EXERCISE DIRECTIONS:
Omit every picture, then return each line of the data below exactly.

Stored items from a collection
·····
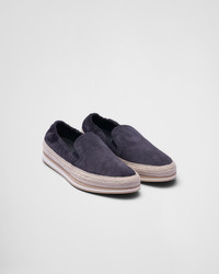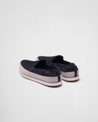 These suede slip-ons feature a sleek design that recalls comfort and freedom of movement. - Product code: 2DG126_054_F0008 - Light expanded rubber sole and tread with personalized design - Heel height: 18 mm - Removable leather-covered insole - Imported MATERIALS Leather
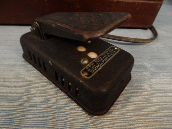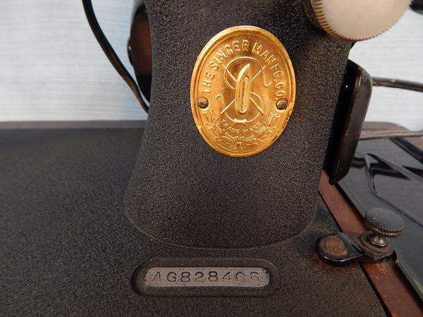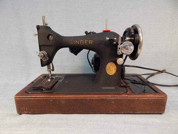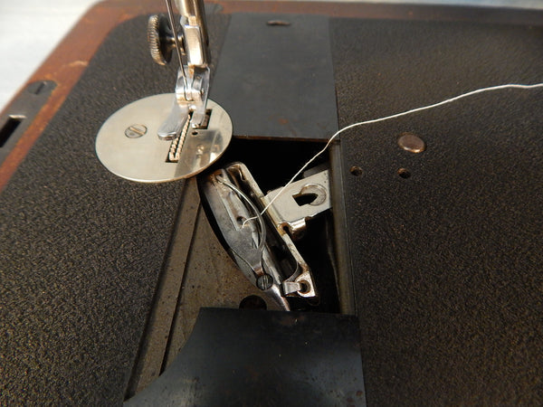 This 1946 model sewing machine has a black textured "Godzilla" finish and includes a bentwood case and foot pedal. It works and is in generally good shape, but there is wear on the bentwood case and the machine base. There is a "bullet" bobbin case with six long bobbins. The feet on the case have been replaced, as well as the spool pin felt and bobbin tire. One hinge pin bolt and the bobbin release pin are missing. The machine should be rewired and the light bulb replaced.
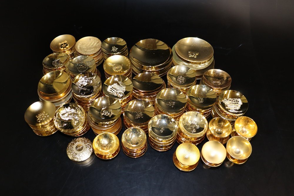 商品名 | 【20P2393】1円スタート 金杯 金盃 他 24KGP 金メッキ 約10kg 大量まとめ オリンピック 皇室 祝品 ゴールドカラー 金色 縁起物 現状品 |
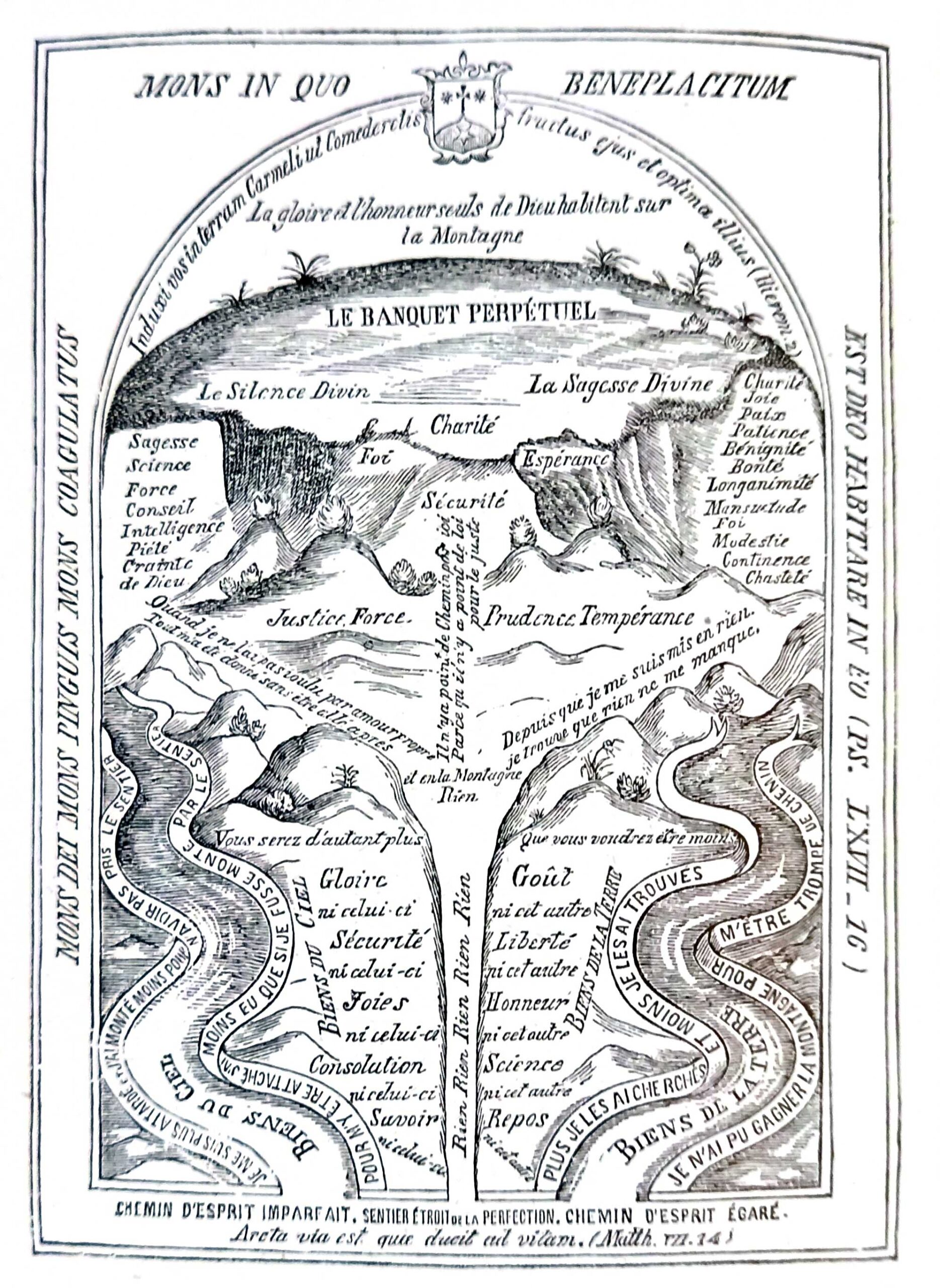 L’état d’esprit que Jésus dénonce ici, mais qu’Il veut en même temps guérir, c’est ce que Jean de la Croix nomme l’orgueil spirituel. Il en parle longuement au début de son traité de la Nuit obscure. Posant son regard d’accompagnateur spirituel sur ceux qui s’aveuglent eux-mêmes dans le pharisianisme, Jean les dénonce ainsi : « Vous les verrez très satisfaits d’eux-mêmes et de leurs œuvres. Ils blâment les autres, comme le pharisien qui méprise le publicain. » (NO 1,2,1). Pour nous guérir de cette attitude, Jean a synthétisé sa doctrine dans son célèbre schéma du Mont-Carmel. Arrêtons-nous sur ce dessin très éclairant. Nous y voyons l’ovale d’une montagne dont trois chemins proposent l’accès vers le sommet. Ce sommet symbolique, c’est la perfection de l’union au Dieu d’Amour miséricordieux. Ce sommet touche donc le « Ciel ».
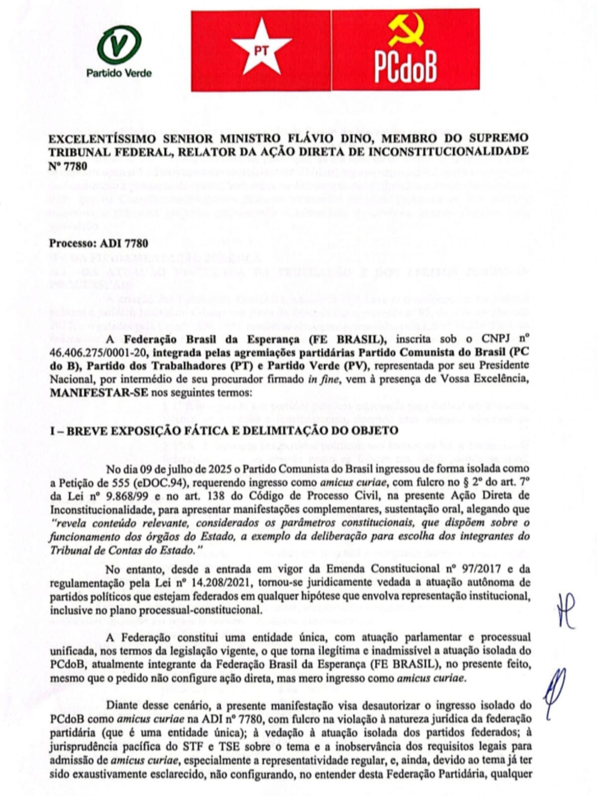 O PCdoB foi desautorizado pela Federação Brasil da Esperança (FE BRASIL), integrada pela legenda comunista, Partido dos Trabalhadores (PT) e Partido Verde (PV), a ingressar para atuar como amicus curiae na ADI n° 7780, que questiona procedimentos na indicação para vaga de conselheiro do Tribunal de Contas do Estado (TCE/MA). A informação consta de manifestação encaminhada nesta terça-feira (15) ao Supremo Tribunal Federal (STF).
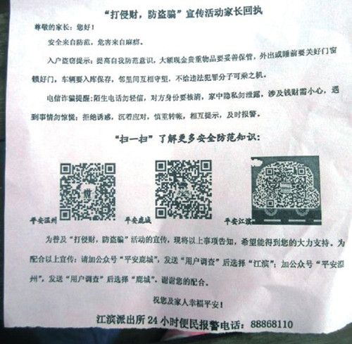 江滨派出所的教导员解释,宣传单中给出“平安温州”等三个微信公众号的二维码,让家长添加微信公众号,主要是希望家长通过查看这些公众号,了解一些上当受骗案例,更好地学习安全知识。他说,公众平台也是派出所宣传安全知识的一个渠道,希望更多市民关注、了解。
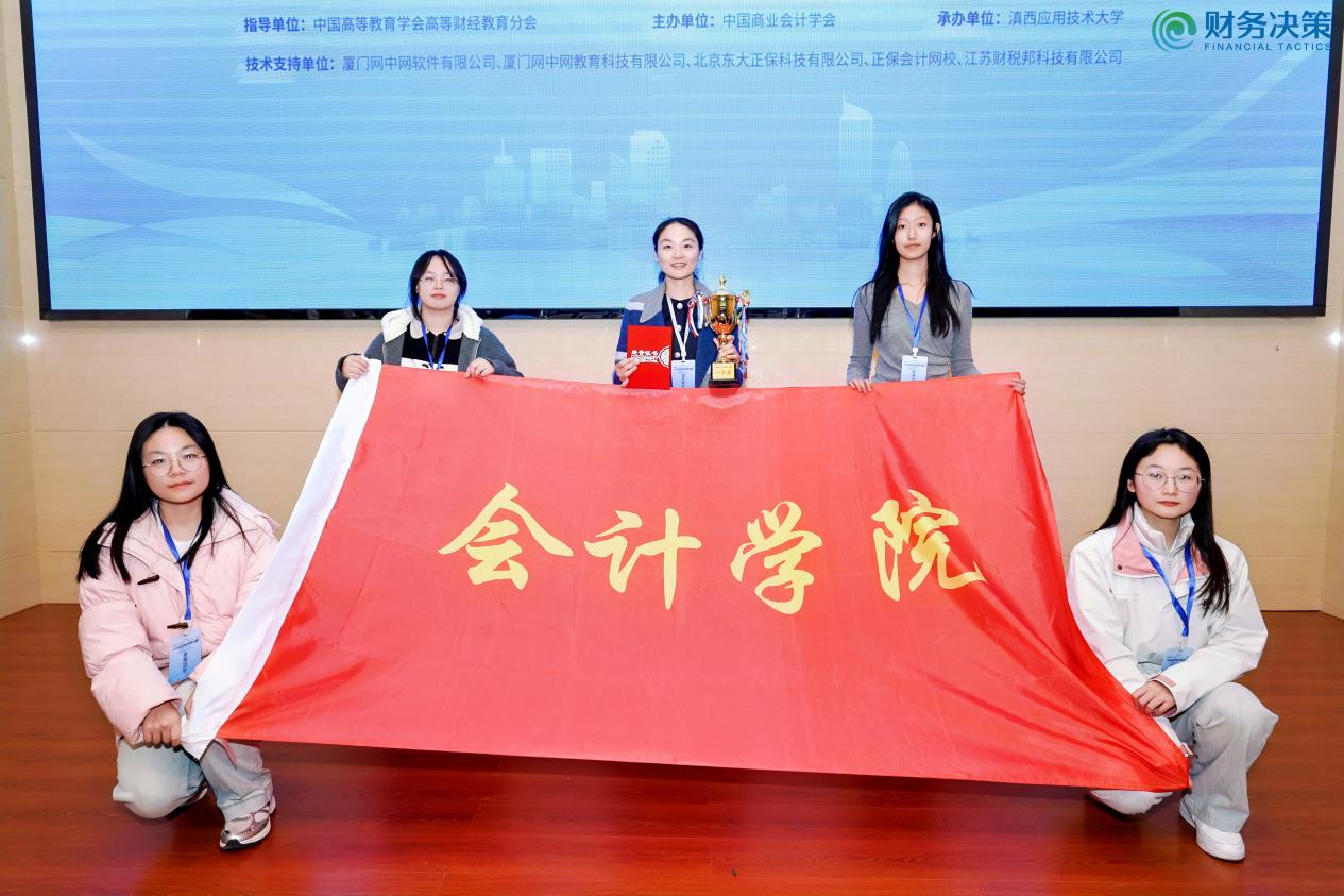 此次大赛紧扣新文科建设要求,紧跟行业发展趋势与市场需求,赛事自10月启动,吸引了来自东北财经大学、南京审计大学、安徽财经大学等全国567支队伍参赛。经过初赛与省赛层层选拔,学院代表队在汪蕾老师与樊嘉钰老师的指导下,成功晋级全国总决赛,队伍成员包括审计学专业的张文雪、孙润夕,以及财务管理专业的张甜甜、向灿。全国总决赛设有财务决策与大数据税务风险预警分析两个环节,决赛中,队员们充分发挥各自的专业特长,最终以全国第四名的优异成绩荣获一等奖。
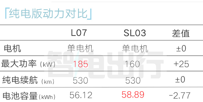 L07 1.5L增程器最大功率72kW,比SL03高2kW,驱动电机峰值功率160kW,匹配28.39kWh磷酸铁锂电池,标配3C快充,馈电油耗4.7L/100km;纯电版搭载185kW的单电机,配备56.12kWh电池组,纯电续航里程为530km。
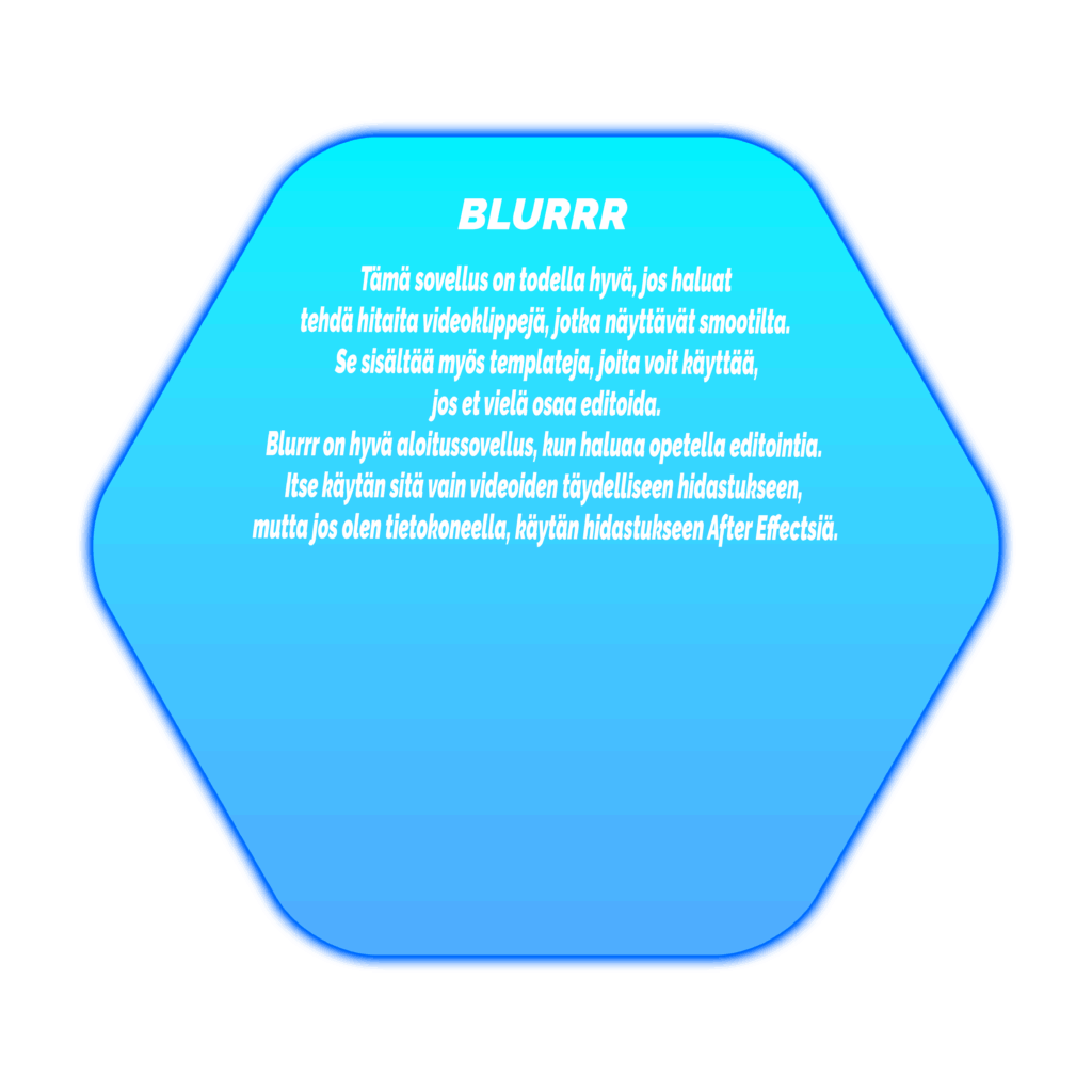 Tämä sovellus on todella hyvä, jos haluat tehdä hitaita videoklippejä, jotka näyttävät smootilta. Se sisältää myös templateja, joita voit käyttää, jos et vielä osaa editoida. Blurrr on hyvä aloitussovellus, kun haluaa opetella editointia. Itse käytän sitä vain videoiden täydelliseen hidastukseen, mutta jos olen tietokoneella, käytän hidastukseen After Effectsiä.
·····
TASK SOLUTION:
 These suede slip-ons feature a sleek design that recalls comfort and freedom of movement. - Product code: 2DG126_054_F0008 - Light expanded rubber sole and tread with personalized design - Heel height: 18 mm - Removable leather-covered insole - Imported MATERIALS Leather
 This 1946 model sewing machine has a black textured "Godzilla" finish and includes a bentwood case and foot pedal. It works and is in generally good shape, but there is wear on the bentwood case and the machine base. There is a "bullet" bobbin case with six long bobbins. The feet on the case have been replaced, as well as the spool pin felt and bobbin tire. One hinge pin bolt and the bobbin release pin are missing. The machine should be rewired and the light bulb replaced.
 商品名 | 【20P2393】1円スタート 金杯 金盃 他 24KGP 金メッキ 約10kg 大量まとめ オリンピック 皇室 祝品 ゴールドカラー 金色 縁起物 現状品 |
 L’état d’esprit que Jésus dénonce ici, mais qu’Il veut en même temps guérir, c’est ce que Jean de la Croix nomme l’orgueil spirituel. Il en parle longuement au début de son traité de la Nuit obscure. Posant son regard d’accompagnateur spirituel sur ceux qui s’aveuglent eux-mêmes dans le pharisianisme, Jean les dénonce ainsi : « Vous les verrez très satisfaits d’eux-mêmes et de leurs œuvres. Ils blâment les autres, comme le pharisien qui méprise le publicain. » (NO 1,2,1). Pour nous guérir de cette attitude, Jean a synthétisé sa doctrine dans son célèbre schéma du Mont-Carmel. Arrêtons-nous sur ce dessin très éclairant. Nous y voyons l’ovale d’une montagne dont trois chemins proposent l’accès vers le sommet. Ce sommet symbolique, c’est la perfection de l’union au Dieu d’Amour miséricordieux. Ce sommet touche donc le « Ciel ».
 O PCdoB foi desautorizado pela Federação Brasil da Esperança (FE BRASIL), integrada pela legenda comunista, Partido dos Trabalhadores (PT) e Partido Verde (PV), a ingressar para atuar como amicus curiae na ADI n° 7780, que questiona procedimentos na indicação para vaga de conselheiro do Tribunal de Contas do Estado (TCE/MA). A informação consta de manifestação encaminhada nesta terça-feira (15) ao Supremo Tribunal Federal (STF).
 江滨派出所的教导员解释,宣传单中给出“平安温州”等三个微信公众号的二维码,让家长添加微信公众号,主要是希望家长通过查看这些公众号,了解一些上当受骗案例,更好地学习安全知识。他说,公众平台也是派出所宣传安全知识的一个渠道,希望更多市民关注、了解。
 此次大赛紧扣新文科建设要求,紧跟行业发展趋势与市场需求,赛事自10月启动,吸引了来自东北财经大学、南京审计大学、安徽财经大学等全国567支队伍参赛。经过初赛与省赛层层选拔,学院代表队在汪蕾老师与樊嘉钰老师的指导下,成功晋级全国总决赛,队伍成员包括审计学专业的张文雪、孙润夕,以及财务管理专业的张甜甜、向灿。全国总决赛设有财务决策与大数据税务风险预警分析两个环节,决赛中,队员们充分发挥各自的专业特长,最终以全国第四名的优异成绩荣获一等奖。
 L07 1.5L增程器最大功率72kW,比SL03高2kW,驱动电机峰值功率160kW,匹配28.39kWh磷酸铁锂电池,标配3C快充,馈电油耗4.7L/100km;纯电版搭载185kW的单电机,配备56.12kWh电池组,纯电续航里程为530km。
 Tämä sovellus on todella hyvä, jos haluat tehdä hitaita videoklippejä, jotka näyttävät smootilta. Se sisältää myös templateja, joita voit käyttää, jos et vielä osaa editoida. Blurrr on hyvä aloitussovellus, kun haluaa opetella editointia. Itse käytän sitä vain videoiden täydelliseen hidastukseen, mutta jos olen tietokoneella, käytän hidastukseen After Effectsiä.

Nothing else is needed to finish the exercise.